EXERCISE AIM: The lines in the listing below are to be given again exactly, starting at the line holding "Prizemlje sadrži dvije" and ending at the line holding "An illustrative case". Do not include pictures.
GIVEN RECORDS Block Start
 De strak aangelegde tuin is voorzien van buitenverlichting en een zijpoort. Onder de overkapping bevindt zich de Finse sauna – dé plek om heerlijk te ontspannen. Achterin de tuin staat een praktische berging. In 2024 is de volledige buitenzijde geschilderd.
GIVEN RECORDS Block End
GIVEN RECORDS Block Start
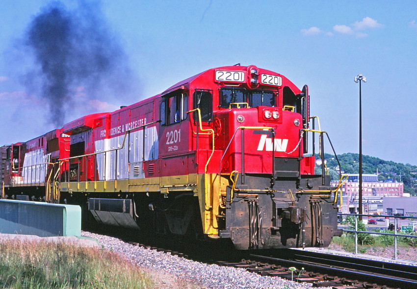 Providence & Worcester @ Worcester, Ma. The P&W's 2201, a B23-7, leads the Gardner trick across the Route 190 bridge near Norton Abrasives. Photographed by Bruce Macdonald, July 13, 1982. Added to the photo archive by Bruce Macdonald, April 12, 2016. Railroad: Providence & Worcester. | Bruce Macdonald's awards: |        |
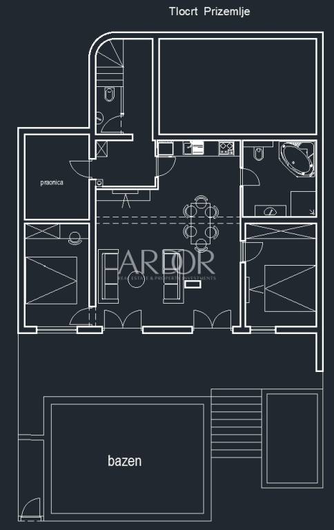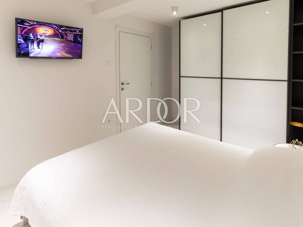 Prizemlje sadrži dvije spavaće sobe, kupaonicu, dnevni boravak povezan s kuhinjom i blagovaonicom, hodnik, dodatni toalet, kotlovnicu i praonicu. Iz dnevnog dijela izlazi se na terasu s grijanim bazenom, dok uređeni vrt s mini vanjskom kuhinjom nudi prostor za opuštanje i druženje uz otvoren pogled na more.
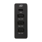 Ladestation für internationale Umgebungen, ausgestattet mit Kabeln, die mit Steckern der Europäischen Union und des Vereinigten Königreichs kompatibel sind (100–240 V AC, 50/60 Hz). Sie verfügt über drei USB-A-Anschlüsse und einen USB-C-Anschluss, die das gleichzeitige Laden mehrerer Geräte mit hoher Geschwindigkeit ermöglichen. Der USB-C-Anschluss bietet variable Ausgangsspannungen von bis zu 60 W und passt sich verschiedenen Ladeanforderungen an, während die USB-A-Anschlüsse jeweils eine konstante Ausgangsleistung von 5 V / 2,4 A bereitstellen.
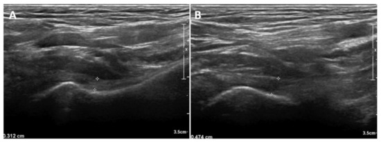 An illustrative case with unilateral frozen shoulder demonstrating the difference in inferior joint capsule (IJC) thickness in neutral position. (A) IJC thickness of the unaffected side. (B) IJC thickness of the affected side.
GIVEN RECORDS Block End
EXERCISE OUTPUT:
 Prizemlje sadrži dvije spavaće sobe, kupaonicu, dnevni boravak povezan s kuhinjom i blagovaonicom, hodnik, dodatni toalet, kotlovnicu i praonicu. Iz dnevnog dijela izlazi se na terasu s grijanim bazenom, dok uređeni vrt s mini vanjskom kuhinjom nudi prostor za opuštanje i druženje uz otvoren pogled na more.
 Ladestation für internationale Umgebungen, ausgestattet mit Kabeln, die mit Steckern der Europäischen Union und des Vereinigten Königreichs kompatibel sind (100–240 V AC, 50/60 Hz). Sie verfügt über drei USB-A-Anschlüsse und einen USB-C-Anschluss, die das gleichzeitige Laden mehrerer Geräte mit hoher Geschwindigkeit ermöglichen. Der USB-C-Anschluss bietet variable Ausgangsspannungen von bis zu 60 W und passt sich verschiedenen Ladeanforderungen an, während die USB-A-Anschlüsse jeweils eine konstante Ausgangsleistung von 5 V / 2,4 A bereitstellen.
 An illustrative case with unilateral frozen shoulder demonstrating the difference in inferior joint capsule (IJC) thickness in neutral position. (A) IJC thickness of the unaffected side. (B) IJC thickness of the affected side.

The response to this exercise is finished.